There is nothing good here — every one of these points indicates some serious unintentional, or worse, intentional errors. I wonder what Skidmore’s colleagues at Michigan State think of him. I can’t imagine it’s very nice.
Summary
Orac, also known as David Gorski, MD, Ph.D., has been fighting anti-vaccine nonsense for two decades. Of course, he identified the problems with the article a day after the paper was published. He concluded that the paper was “anti-vax propaganda disguised as a survey.” Skidmore has a long record of anti-vaccine commentary
Then Dr. Gorski asked an important question, “how on earth did BMC Infectious Diseases publish such dreck?”

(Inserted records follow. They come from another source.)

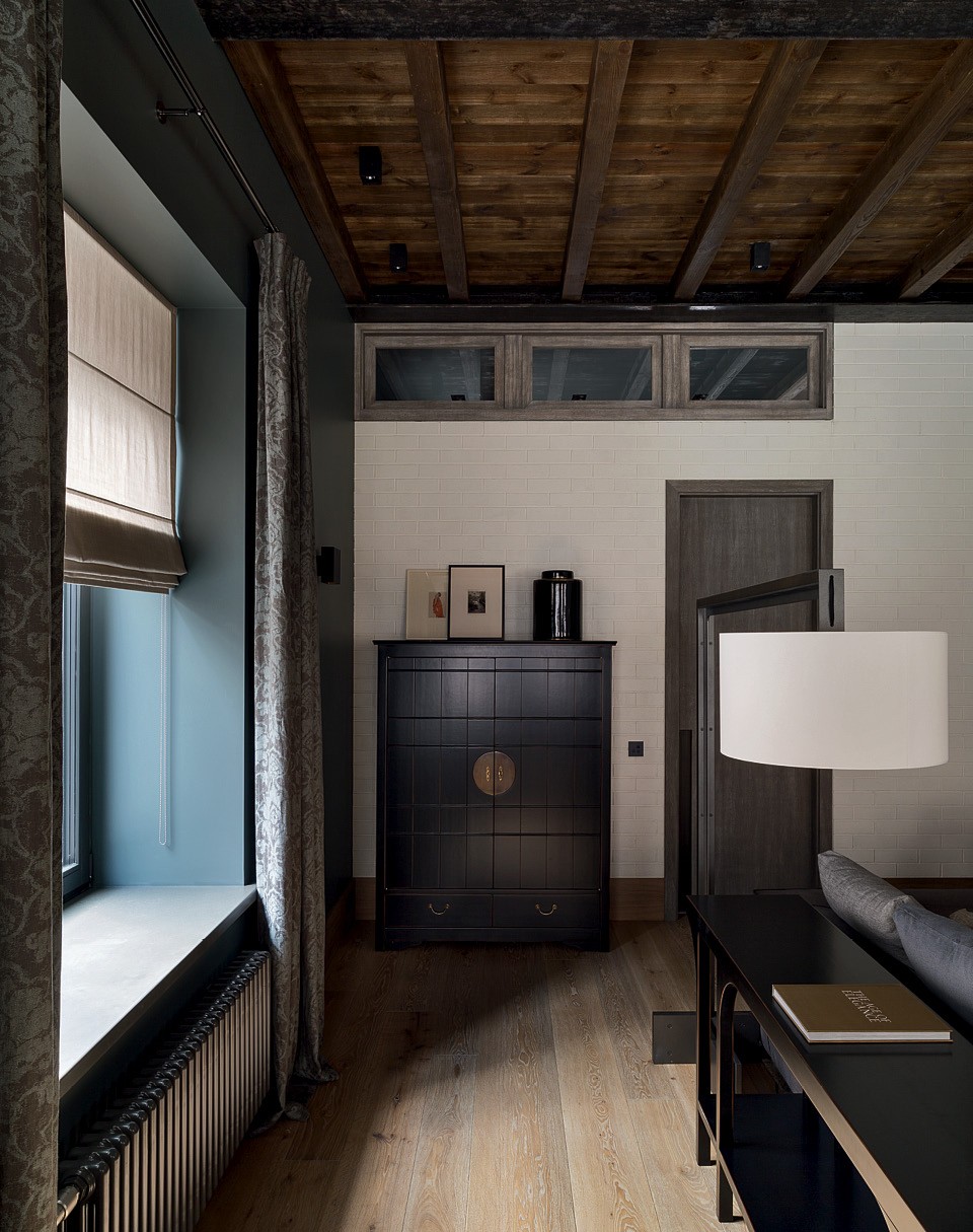 Как рассказывает Александр, заказчики хорошо знали, чего хотят. Например, они заранее решили отдать сыновьям-школьникам весь третий этаж — качественно его звукоизолировать, чтобы два поколения семьи могли проводить время в свое удовольствие, не мешая друг другу. Хозяин дома также настаивал на камине. “Это редкий случай, когда камин в доме действительно используется, — говорят авторы проекта. — Бывает, что хозяин возвращается с работы за полночь и идет рубить дрова, чтобы развести огонь”.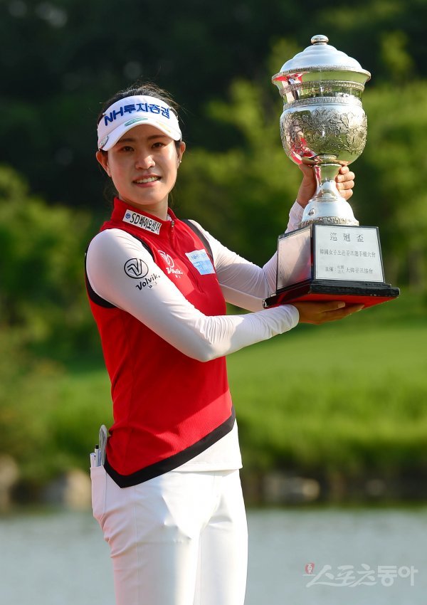 20일 충남 음성군 레인보우힐스CC에서 열린 ‘DB그룹 제35회 한국여자오픈 골프선수권대회’ 4라운드에서 박민지가 17언더파로 우승을 결정지은 뒤 트로피를 들고 기념 촬영을 하고 있다.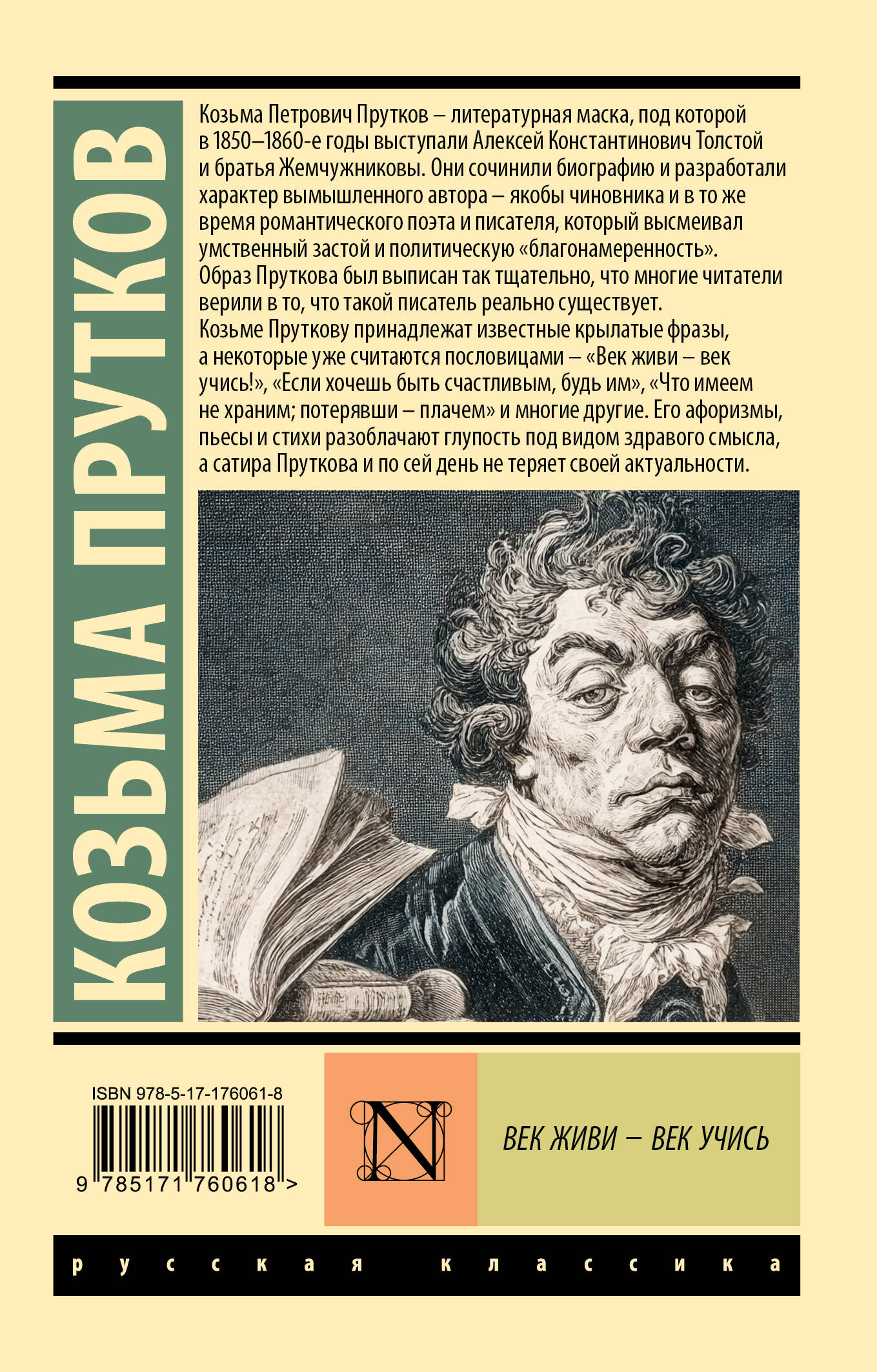 Козьма Петрович Прутков - литературная маска, под которой в 1850-1860-е годы выступали Алексей Константинович Толстой и братья Жемчужниковы. Они сочинили биографию и разработали характер вымышленного автора - якобы чиновника и в то же время романтического поэта и писателя, который высмеивал умственный застой и политическую "благонамеренность". Образ Пруткова был выписан так тщательно, что многие читатели верили в то, что такой писатель реально существует. Козьме Пруткову принадлежат известные крылатые фразы, а некоторые уже считаются пословицами - "Век живи - век учись!", "Если хочешь быть счастливым, будь им", "Что имеем не храним; потерявши - плачем" и многие другие. Его афоризмы, пьесы и стихи разоблачают глупость под видом здравого смысла, а сатира Пруткова и по сей день не теряет своей актуальности.| Издательство | Издательство "АСТ" |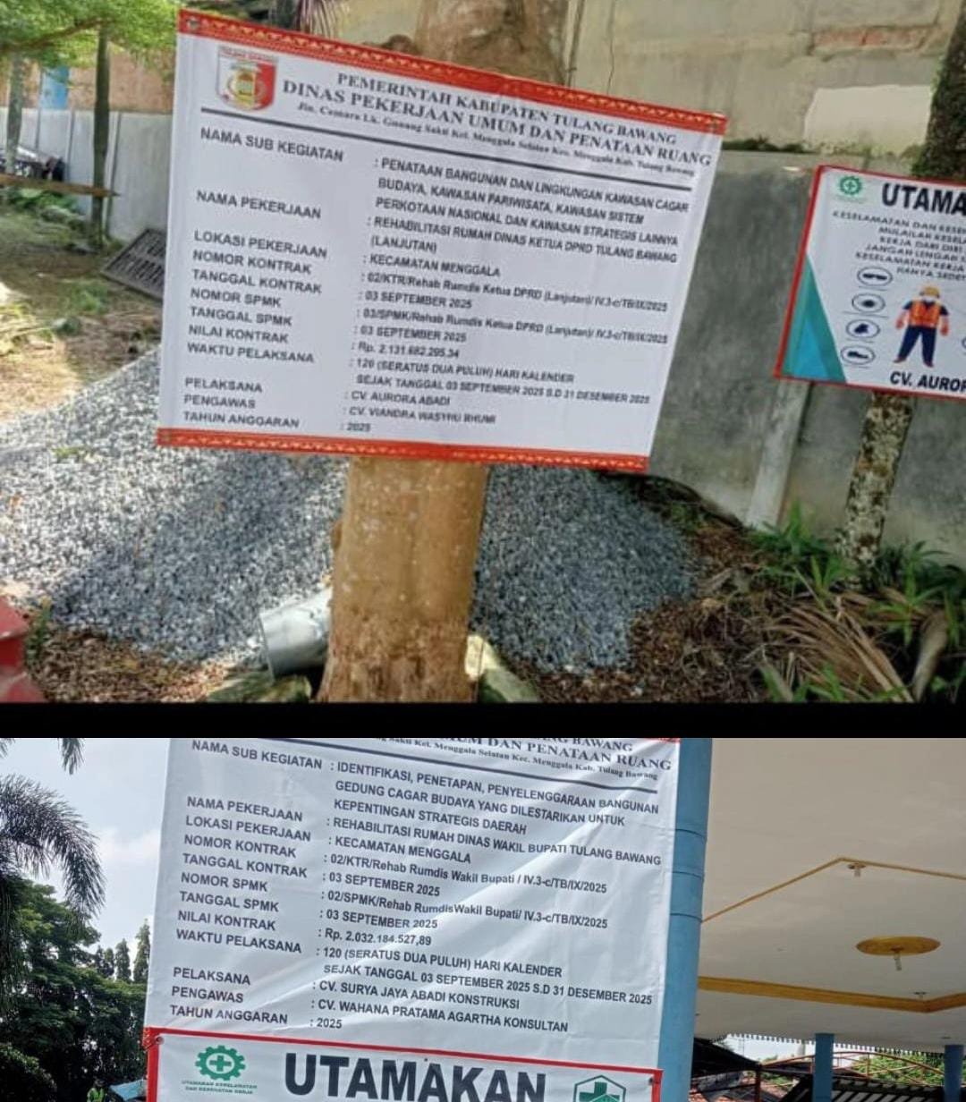 Papan informasi yang terpampang di Kecamatan Menggala, Kabupaten Tulangbawang, memuat dua proyek dengan nilai kontrak fantastis yang dibiayai oleh Anggaran Pendapatan Belanja Daerah (APBD) Tulangbawang. Dengan rinciannya: Rehabilitasi Rumah Dinas Ketua DPRD Tulang Bawang (Lanjutan) Nilai Kontrak: Rp2.121.228.634, Pelaksana: CV Aurora Abadi, Pengawas: CV Vianika Wastu Bhumi, Waktu Pelaksanaan: 120 hari kalender.
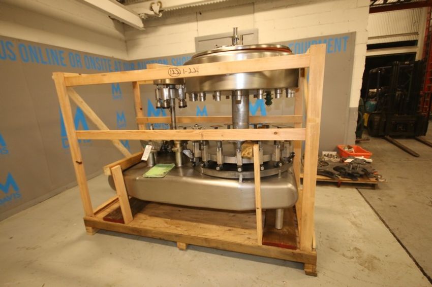Filler Specialties 18-Valve Mono Block S/S Gravity Filler, SN 1767G185SS1GE, with (5) Head Screw Capper, Includes Gallon HDPE Change Parts with Spare Capper Parts & Manual, (Note: Missing Valves, Rubbers & Float Assembly) (INV#83374)(Located @ the MDG Auction Showroom in Pittsburgh, PA)(Handling, Loading & Site Management Fee: $300.00)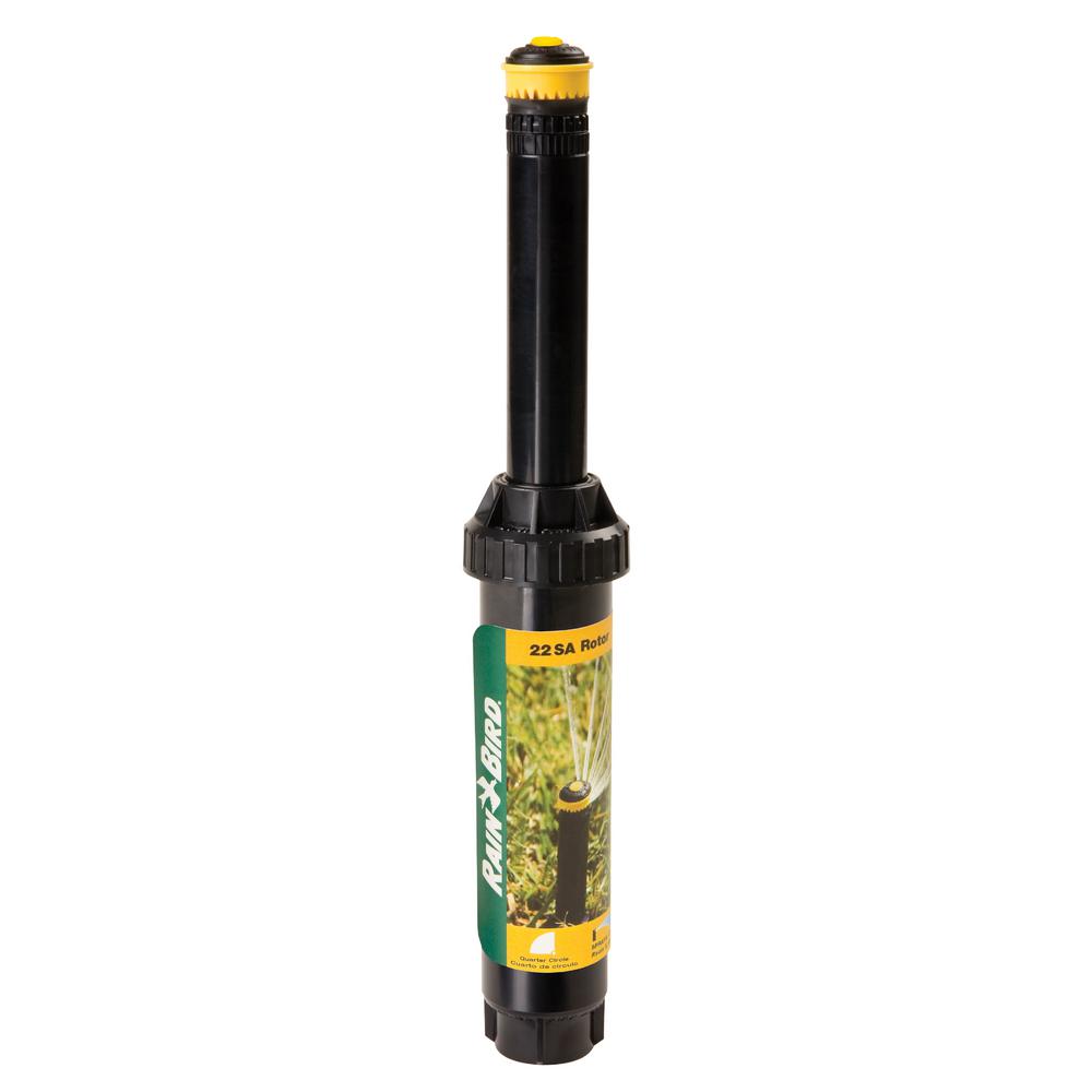Rain Bird's 22SA rotary sprinklers provide highly uniform water distribution and an increased radius range of up to 24 ft. covering more area with fewer heads. At the same time, the sprinkler produces remarkably low precipitation rates of 0.6 in. per hour, reducing water use up to 30%. The secret is in the nozzle's rotary multi-stream action. The water delivery is gentle enough for newly seeded areas and hillsides, yet covers more area than standard pop-up sprays. The extended throw also allows you to use fewer heads per zone to reduce system complexity. And the 22SA nozzle's water droplets are larger than traditional sprinkler droplets, resisting windblown overspray. The 22SA is easy to adjust: simply use a standard slotted screwdriver to adjust the throw distance from 17 ft. to 24 ft. Other features include a 4 in. pop-up height; a protected closed-case design that makes these sprinklers ideal for creeping grasses, sandy soil, and other harsh surroundings; and a water-lubricated rotating stream operation that's quiet and maintenance-free. This version of the 22SA produces a 90° quarter-coverage pattern; the 22SA is also available in full and half patterns.

I have to ask the same thing, and it is frustrating. I keep pushing that the only valid evidence in a scientific discussion is one that has been peer-reviewed and published in a respected medical journal. Then I get this “dreck” shoved in my face with anti-vaxxers claiming that the COVID-19 vaccine is responsible for 278,000 deaths. The peer reviewers and editors really must not have read this paper, because it was obvious that it was total “dreck.”
I’ve yet to see solid evidence that even one person has died from the COVID-19 vaccines. Not one. Almost every claim is from dumpster diving into the VAERS database, anecdotes, and made-up data from a retracted article.
So, let me close on this point. There is no evidence that there were 278,000 deaths from the COVID-19 vaccine. And this retracted paper is not evidence. Period.
Citations
- Skidmore M. The role of social circle COVID-19 illness and vaccination experiences in COVID-19 vaccination decisions: an online survey of the United States population. BMC Infect Dis. 2023 Jan 24;23(1):51. doi: 10.1186/s12879-023-07998-3. Retraction in: BMC Infect Dis. 2023 Apr 11;23(1):223. PMID: 36694131; PMCID: PMC9872073.
- Skidmore M. Retraction Note: The role of social circle COVID-19 illness and vaccination experiences in COVID-19 vaccination decisions: an online survey of the United States population. BMC Infect Dis. 2023 Apr 11;23(1):223. doi: 10.1186/s12879-023-08234-8. PMID: 37041482; PMCID: PMC10088578.